> _Problem_
Please write out the full listing beneath this line exactly, skipping its images.

> _Supplied information_
****
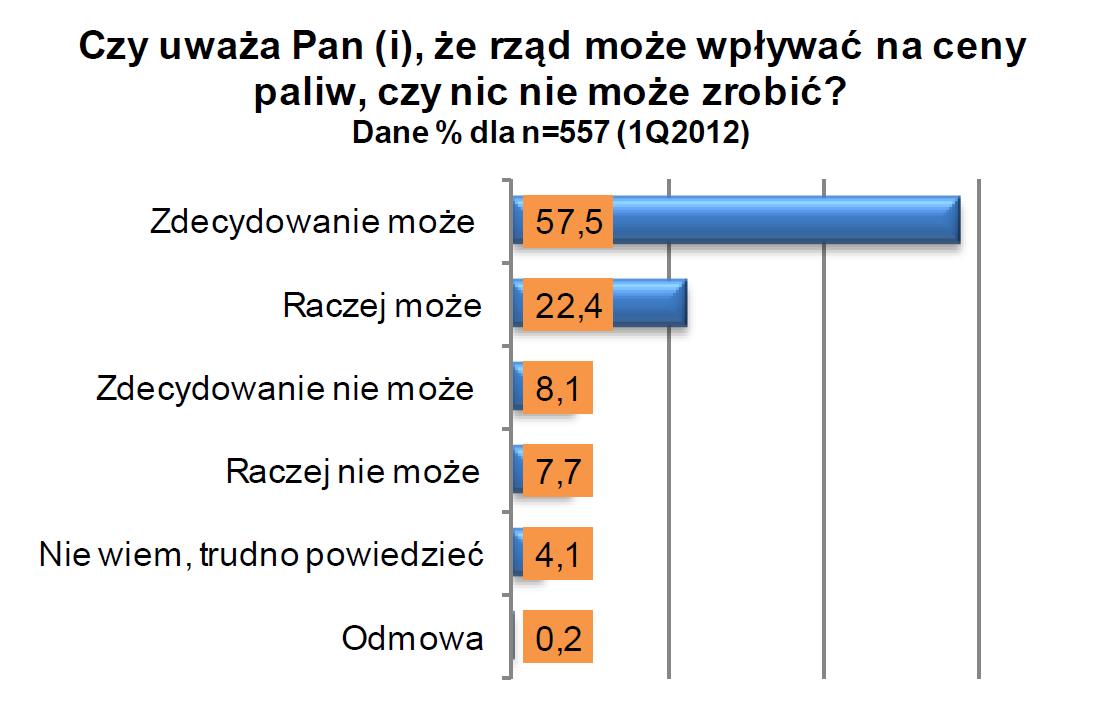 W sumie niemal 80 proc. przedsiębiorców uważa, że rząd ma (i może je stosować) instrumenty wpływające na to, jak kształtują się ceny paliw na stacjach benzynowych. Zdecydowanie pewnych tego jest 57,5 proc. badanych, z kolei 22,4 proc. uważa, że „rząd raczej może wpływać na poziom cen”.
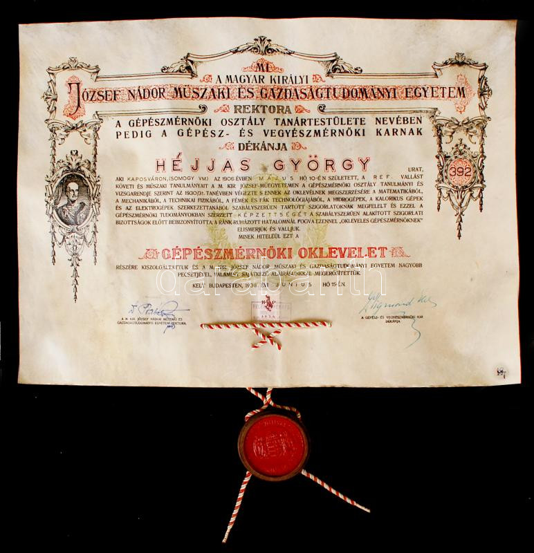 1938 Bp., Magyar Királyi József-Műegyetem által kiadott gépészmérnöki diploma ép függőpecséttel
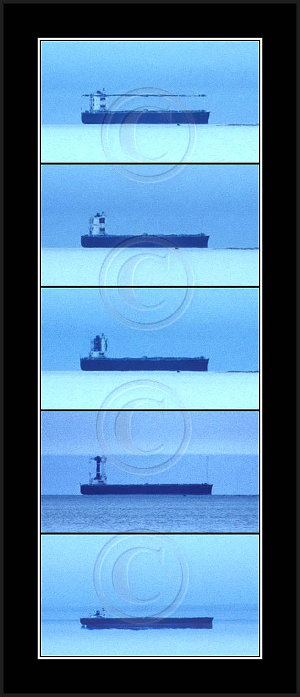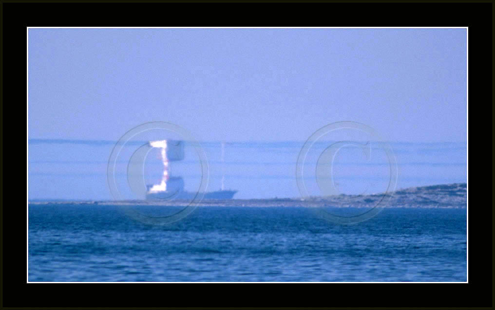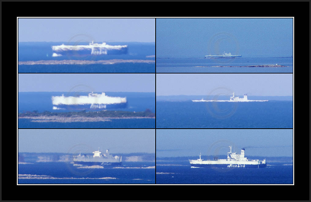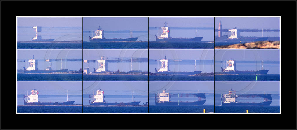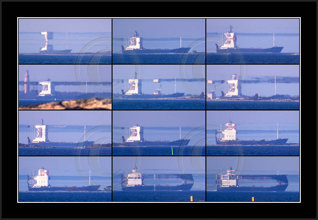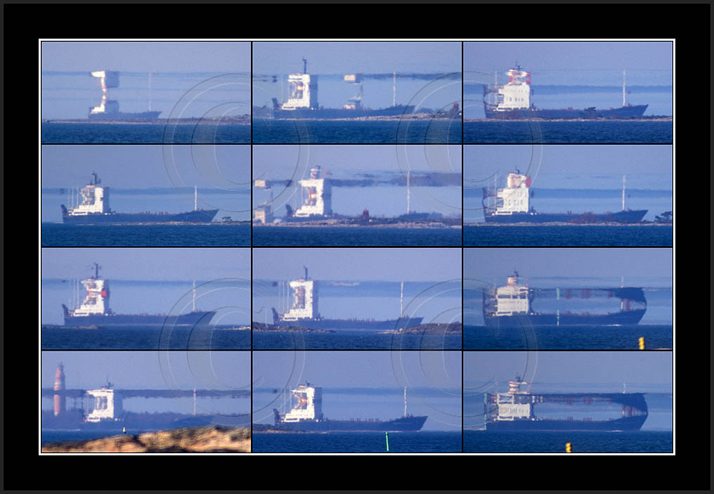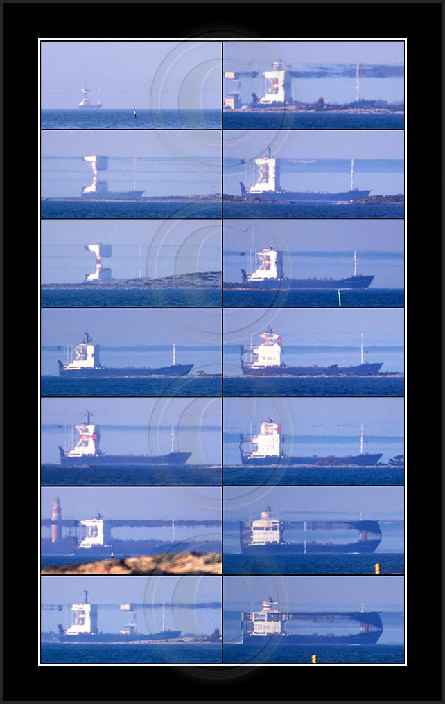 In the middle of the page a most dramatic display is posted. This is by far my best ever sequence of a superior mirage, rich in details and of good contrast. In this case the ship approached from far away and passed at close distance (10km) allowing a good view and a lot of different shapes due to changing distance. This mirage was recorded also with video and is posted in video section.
****
> _Written solution_
 W sumie niemal 80 proc. przedsiębiorców uważa, że rząd ma (i może je stosować) instrumenty wpływające na to, jak kształtują się ceny paliw na stacjach benzynowych. Zdecydowanie pewnych tego jest 57,5 proc. badanych, z kolei 22,4 proc. uważa, że „rząd raczej może wpływać na poziom cen”.
 1938 Bp., Magyar Királyi József-Műegyetem által kiadott gépészmérnöki diploma ép függőpecséttel
 In the middle of the page a most dramatic display is posted. This is by far my best ever sequence of a superior mirage, rich in details and of good contrast. In this case the ship approached from far away and passed at close distance (10km) allowing a good view and a lot of different shapes due to changing distance. This mirage was recorded also with video and is posted in video section.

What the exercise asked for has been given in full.